There were two people in there. Darryl and a woman. The woman was not part of the research division. You could tell because she was wearing a suit. The suit was well cut and char
coal-grey and accessorized with a businesslike pearl necklace. The face above it was alert and good-looking, its highly maintained skin framed by a neat blonde bob. The woman smiled at Arjun and looked over at Darryl, expecting him to make an introduction. Darryl did not look as if he would be able to do this. He was curled up into a kind of ball on his office chair, a Ghostbusters cap crammed down low on his head. Beneath it he was staring fixedly at his SETI belt buckle and swivelling himself to and fro by pushing his hands against the top of his desk.
The woman sighed. ‘Good afternoon, Mr Mehta,’ she said. ‘Thanks for your promptitude. My name is Jennifer Johanssen, and I’m a deputy director of personnel here at Virugenix. Head office asked me to come down and facilitate today’s employee encounters. Mr Gant here has briefed me on your performance. I know he rates your contribution to the anti-virus research team very highly.’ She paused and turned to Darryl, who clawed at his beard and swivelled faster.

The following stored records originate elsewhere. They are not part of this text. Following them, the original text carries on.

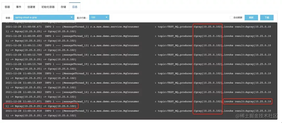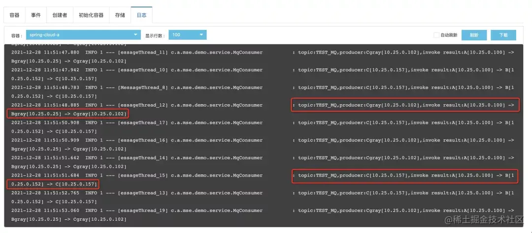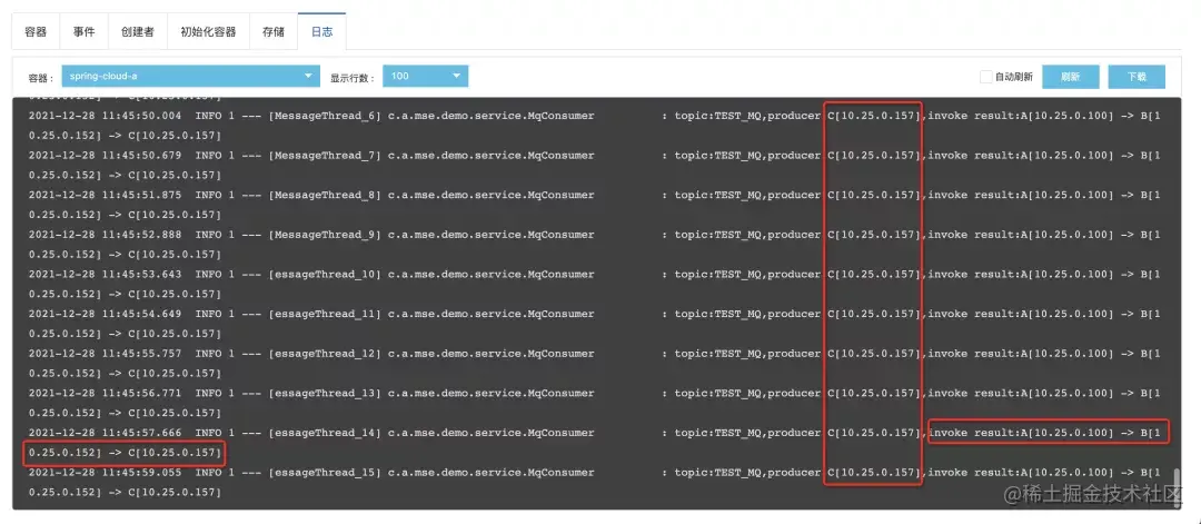 2021-12-28 10:58:50.301 INFO 1 --- [essageThread_15] c.a.mse.demo.service.MqConsumer : topic:TEST_MQ,producer:C[10.25.0.30],invoke result:A[10.25.0.32] -> B[10.25.0.152] -> C[10.25.0.30]
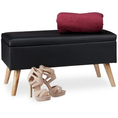 Relaxdays Bench with Storage Space, 40 L, Padded, Wooden Legs, Faux Leather, H x W D: 80 39.5 cm, Black
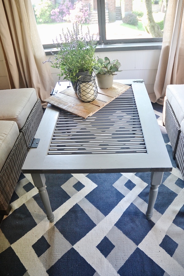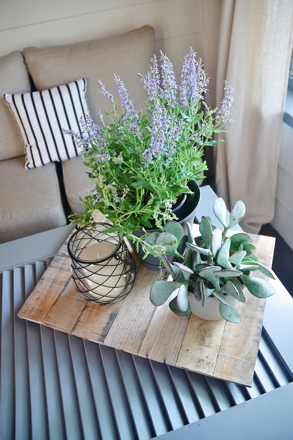 For the coffee table we decided to go the DIY route & use a door that we found in their basement. We cut the door in half & added some wooden legs to the the bottom of the table & painted the top & legs in Valspar revere pewter. That’s it. A 5 minute DIY table. Mr. LMB also built a quick and easy pallet tray for the top of the table to set drinks and such on, but the nice thing about this door table is that there is a large edge to the table where things can be places as well.
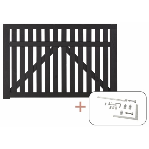 Ønsker du at tilføje en låge til din hegnløsning? Så finder du her denne brede låge, der vil passe perfekt sammen med Plus Country-hegnserie i sort. På den måde vil du nemlig sikre, at hegnet og lågen har samme stil og vil blende godt ind med hinanden. Serien har et yderst diskret og stilrent design, der vil skabe en rolig og harmonisk atmosfære i uderummet. Målene på lågen er B: 150 cm x H: 98 cm. Desuden medfølger beslag til opsætning af lågen.

The meeting seemed to be taking place a great distance away Arjun was merely an observer, a scientist monitoring the progress of an experiment on the other side of the glass. Transmitted across the vastness of space, Jennifer Johanssen’s voice sounded calming and competent, a moisturizing balm formulated to take away the pain and soreness of the words it uttered. Aamir would like her, thought Arjun. She’s his type.
‘In your time here,’ the aloe vera voice intoned, ‘you have added quality and value.’ Then it spoke for a while about compassion. The room felt cold. Maybe I’m getting sick, thought Arjun, palpating the glands on the side of his neck. The voice talked about reversals of fortune and minimizing negative outcomes. It talked about the executive team’s strong desire to lead by demonstrating fiscal responsibility at all levels. It talked about last in, first out.
It talked about reality.
Then it struck him. This was not his story This was not his story because this was not how his story went. There had been a mistake.